First Teacher: My students’ lowest area was supposedly synthesizing information, but that benchmark was only tested by two questions. One was the last question on the test, and a lot of my students didn’t have time to finish. The other question was that one about the screech owl having the misleading name, and I thought it was kind of confusing.

Second Teacher: We read that question in class and most of my students didn’t know what approximates meant, so it really became more of a vocabulary question.

Third Teacher: Wait … I thought the long-eared owl was the one with the misleading name.
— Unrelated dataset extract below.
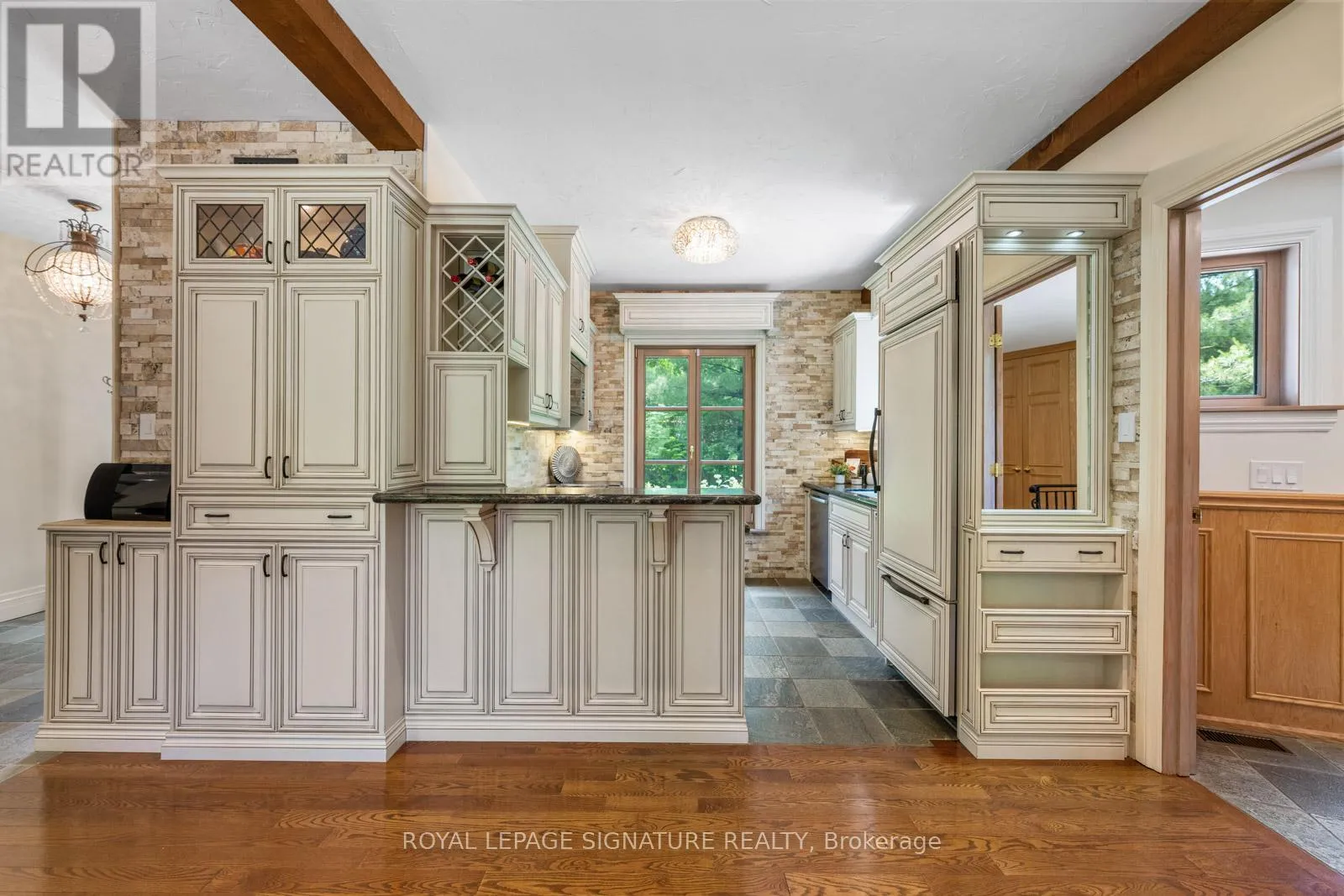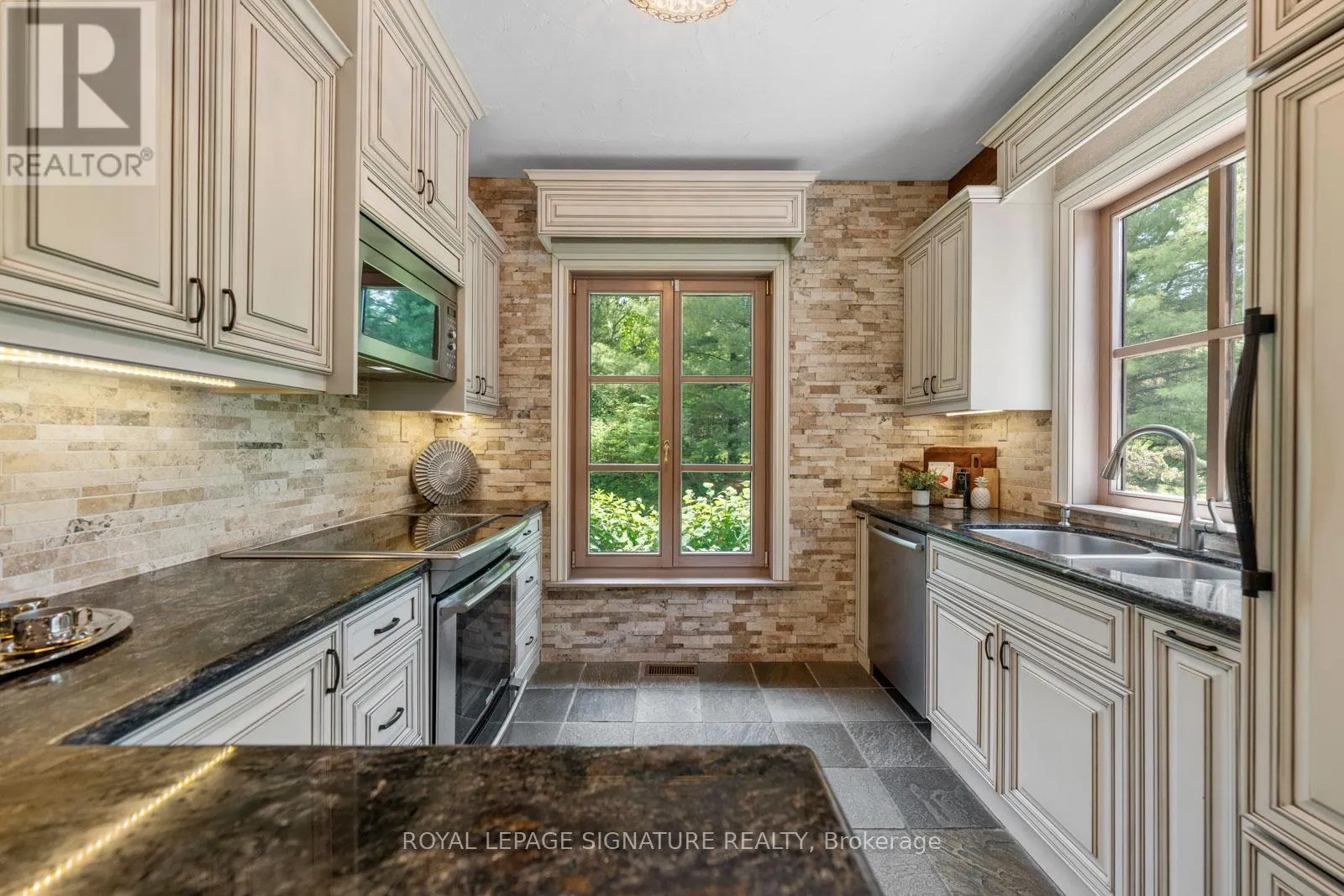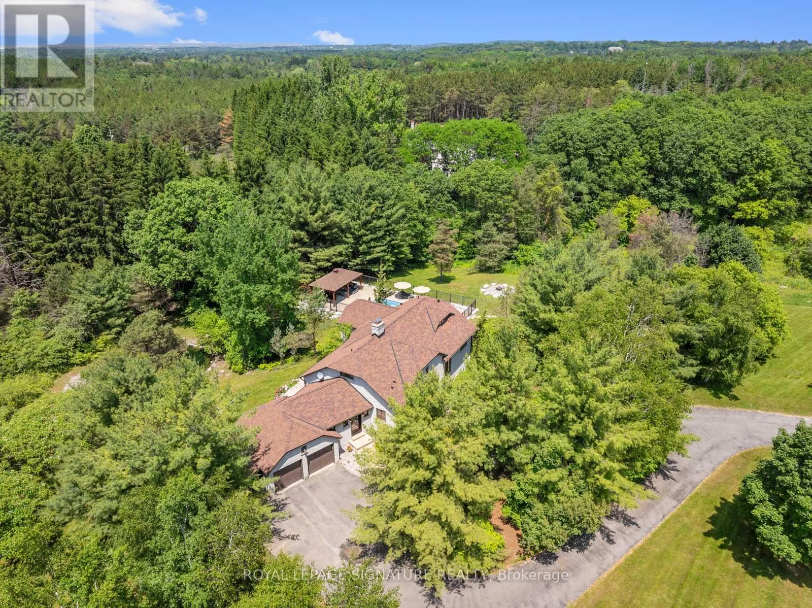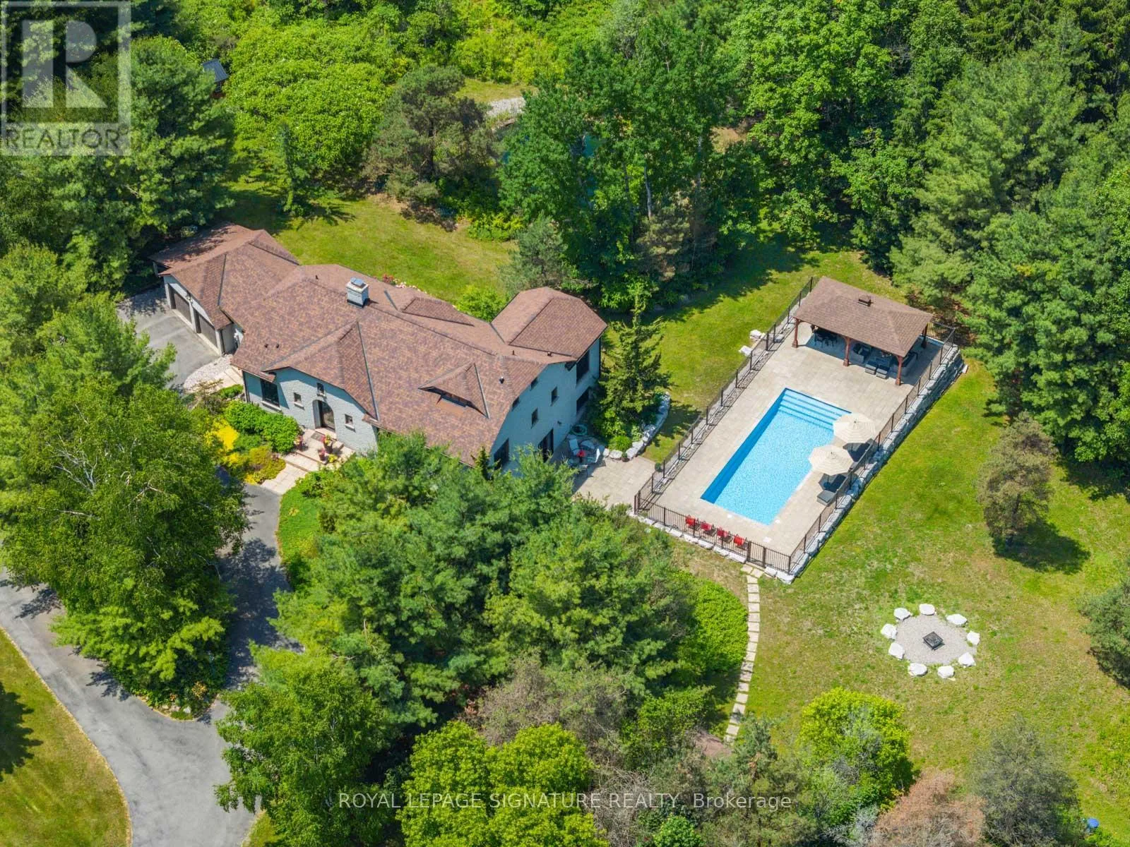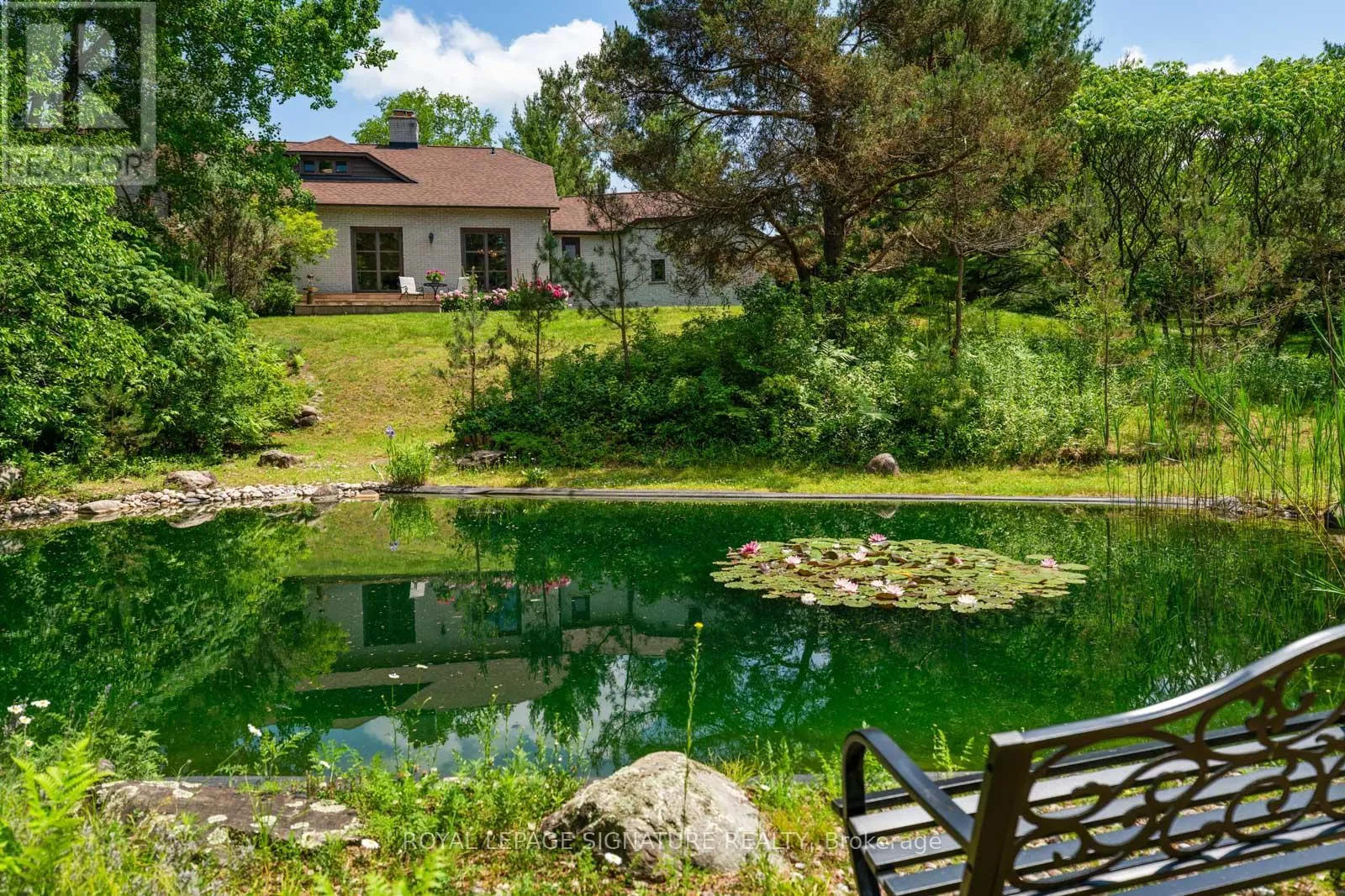 Jane & 16th Sideroad Welcome to 30 Kingswood Drive A European-Inspired Bungalow on a Lush 2-Acre Estate This stunning executive home on a beautifully landscaped 2-acre lot offers the perfect blend of luxury, space, and functionality.Nestled behind a long, circular driveway, this European-style bungalow combines timeless elegance with modern comfort.Featuring over 5000 sq ft of Finished Living Space with 3+1 bedrooms, a bright above-ground lower level, two full kitchens, and a luxurious sauna with steam shower. The home's curb appeal is undeniable, with manicured gardens and a custom arched front door that lends the façade a touch of Old World sophistication. A double-car garage with an attached carport or boat port ensures both functionality and flair.Inside, the home exudes warmth and character, featuring hardwood floors, slate tile, pot lighting, and design elements like exposed wood beams and brick accent walls. The open-concept layout is bathed in natural light thanks to oversized windows, allframing serene views of the private grounds.Outdoors, this home becomes a true retreat. A sparkling, gated inground pool with a covered sitting area invites relaxation and recreation. Meanwhile, a tranquil pond and a stone fire pit with natural seating complete the picture of an idyllic countryside escape.Whether you're entertaining guests or enjoying peaceful moments surrounded by nature, 30 Kingswood Drive is a rare find a private oasis that offers the best of refined living just minutes from town. (id:27476)

Language arts teachers, Elden points out, “know that answering comprehension questions correctly does not rest on just one benchmark.”  That may work for math, but, she correctly observes, “reading is different.”

“After students have mastered basics like decoding, reading cannot be taught through repeated practice of isolated skills. Students must understand enough of a passage to utilize all the intricately linked skills that together comprise comprehension. The owl question, for example, tests skills not learned from isolated reading practice but from processing information on the varying characteristics of animal species. (The correct answer, by the way, is the screech owl.)”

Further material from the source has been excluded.